More dollars for DHS

Congress writes bigger check for homeland security

Congress is building a Homeland Security Department funding piñata, with technology-laced spending sweeteners for every state and congressional district, and it's on a fast track for enactment before fiscal 2007 begins Oct. 1.

Both chambers have upped the administration's ante of about $32 billion in discretionary spending to set up a three-way tug of war among the House, Senate and White House in conference committee negotiations over the bill's fine print.
The Senate spending plan calls for $715 million above the budget request, and the House bill tops the administration proposal by more than $1 billion.

The negotiations will feature bargaining over the different spending numbers and varying policy directives endorsed by the House, Senate and administration.

The Office of Management and Budget has issued Statements of Administration Policy endorsing both chambers' versions of HR 5441 and asking Congress to eliminate some of the changes it made to the administration's proposed bill.

DHS officials declined to comment on the bills.

As a matter of law and tradition, Congress is supposed to enact policy decisions in authorization legislation and specify spending levels in appropriations bills.

But Congress likely won't pass a Homeland Security authorization bill this year, several sources said. So the funding bill has become the vehicle for a menagerie of policy directives.

A spokeswoman for the Senate Homeland Security and Governmental Affairs Committee said the panel has worked on a series of investigations and hearings covering issues, such as port security, chemical security and postal matters, that were more pressing than drafting an authorization bill.

But when it finally appears, the bill will include a number of provisions affecting its IT spending that lawmakers typically outline in the authorization bill.

One of the most significant differences between the House and Senate spending bills is a Senate provision that would delay and modify the administration's People Access Security Services program. The PASS program would create a new radio frequency identification credential for mandatory use by some U.S. citizens entering the country.

The Senate's DHS spending bill mandates a 17-month delay in the PASS program's RFID card plan, among other provisions.

The PASS program delay amendment gained traction last week in the House, even though representatives did not include a similar provision in their draft spending bill.

One senior House aide close to the PASS program negotiations said the House members of the conference committee likely would seek to modify, but not scuttle, the Senate amendment.

"The momentum in favor of the amendment that has been noticeable in the Senate has been noticeable in the House," said a senior aide to Sen.

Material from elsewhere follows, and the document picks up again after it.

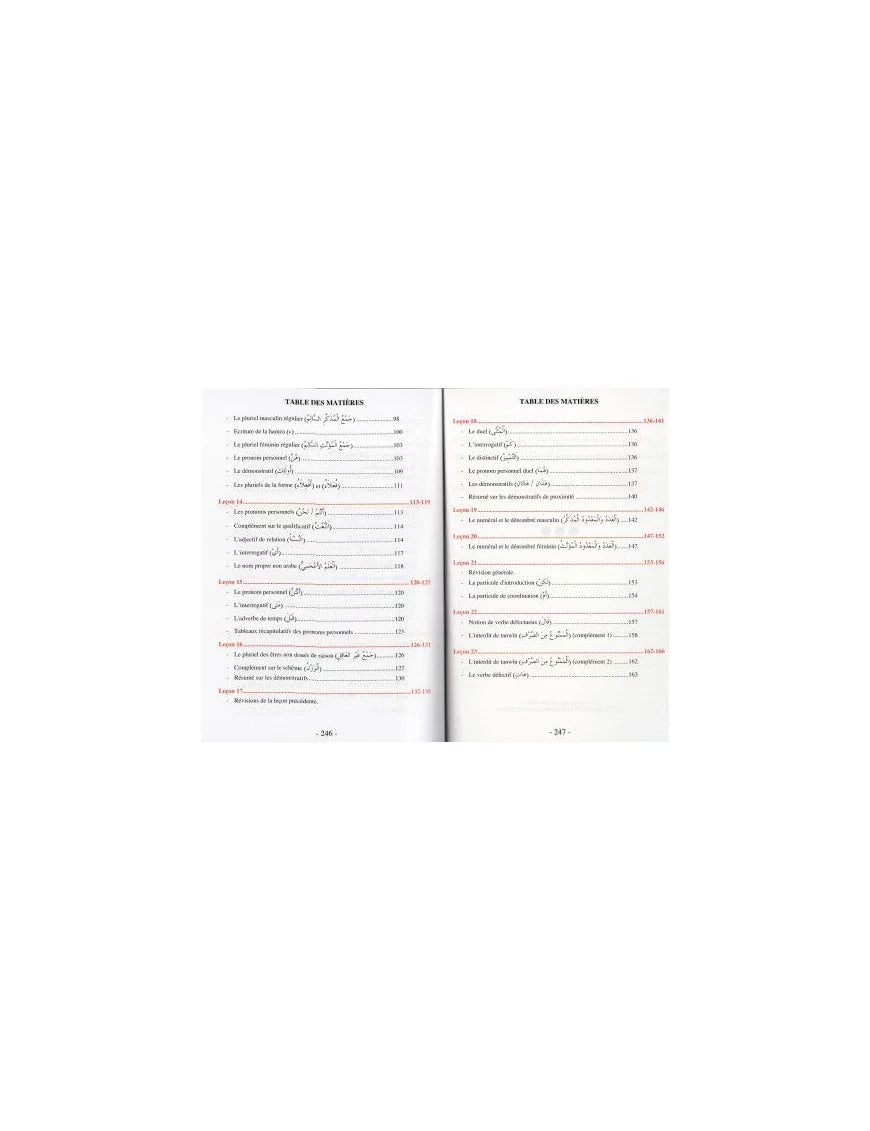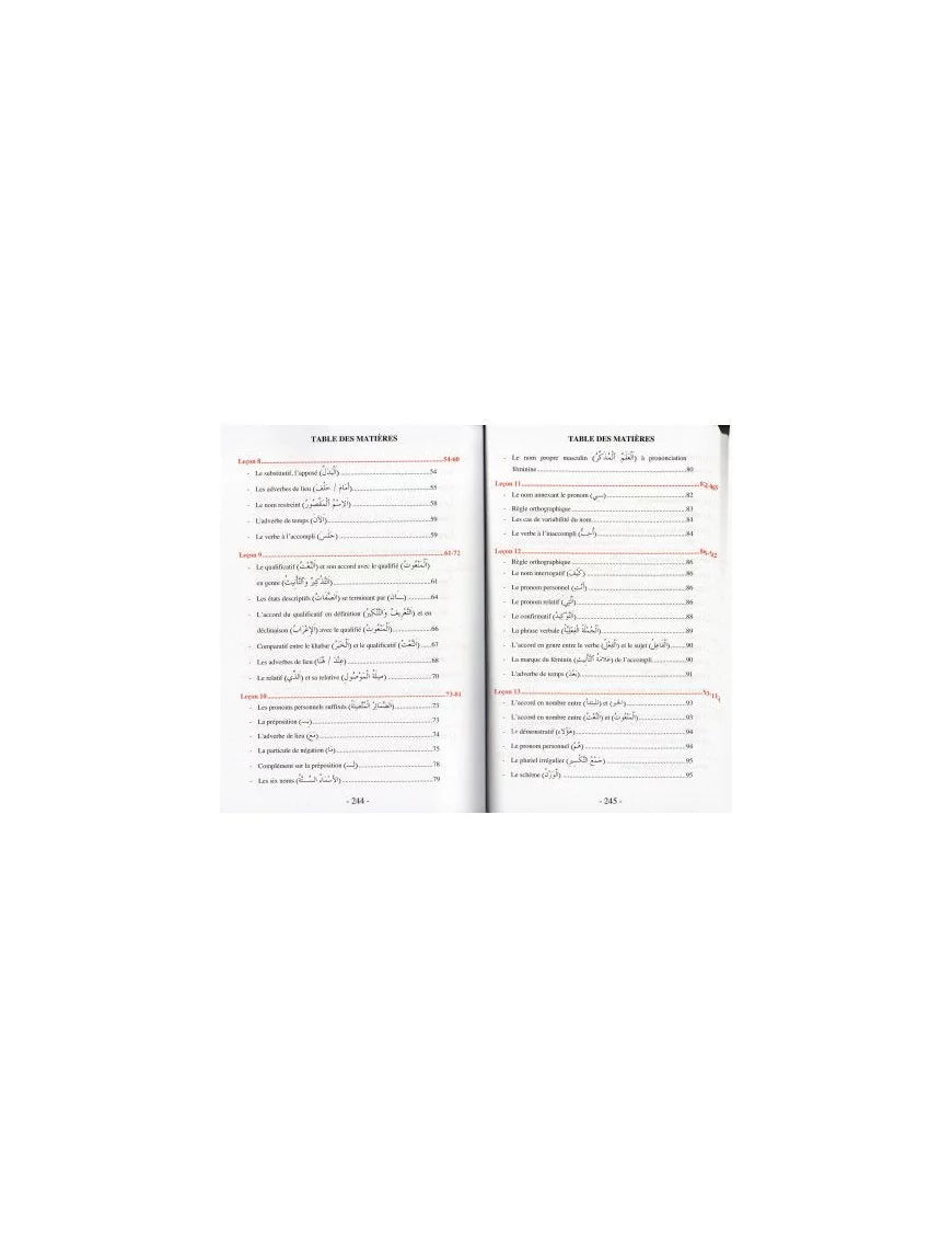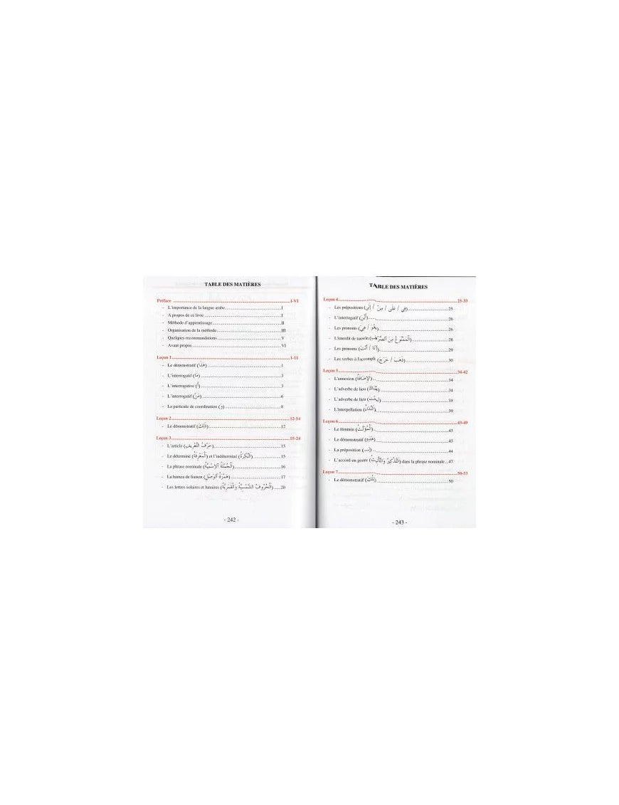 Comment ça s’utilise : Ce livre est conçu pour être étudié leçon par leçon, idéalement avec l'accompagnement d'un professeur ou en autodidacte rigoureux. L'élève lit le texte arabe, observe les nouvelles structures grammaticales, apprend le vocabulaire illustré, puis effectue les exercices d'application proposés à la fin de chaque chapitre pour valider ses acquis.

Patrick Leahy (D-Vt.).

The aide said that there is no sign of opposition to the PASS amendment in the House.

The aide said Leahy had asked Secretary of State Condoleezza Rice and DHS Secretary Michael Chertoff about the departments' long-simmering dispute over PASS card technology.

Various sources said that State and DHS are close to resolving their different approaches to PASS cards' RFID technology, but OMB has not approved their plans.

Some sources said DHS and State have agreed to use the ultra-high-frequency RFID technology on the PASS card, and DHS is expected to issue a draft request for proposals this week.

If the PASS card requirement delay is enacted, the program's foes will have about a year and a half to rally opposition to the entire project.

Good idea?

James Carafano, senior fellow at the Heritage Foundation, condemned the new travel credential program. "I think the PASS card program's requirement for a new travel document is a stupid idea," he said.

Carafano backs a proposal to persuade the Canadian government to issue secure driver's licenses that would serve as proof of citizenship, comparable to the REAL ID Act.

President George W. Bush signed the REAL ID Act May 11, 2005, as part of a supplemental appropriations bill. The requirement for secure driver's licenses kicks in three years from then.

"If we trust people to get on airplanes with only [secure] driver's licenses for identification, we should allow them as identification for border crossing," Carafano said.

"Canada and the United States are sovereign countries, but they are inextricably linked, and any impediment to travel is bad," he said. "You raise the bridge, you don't lower the river."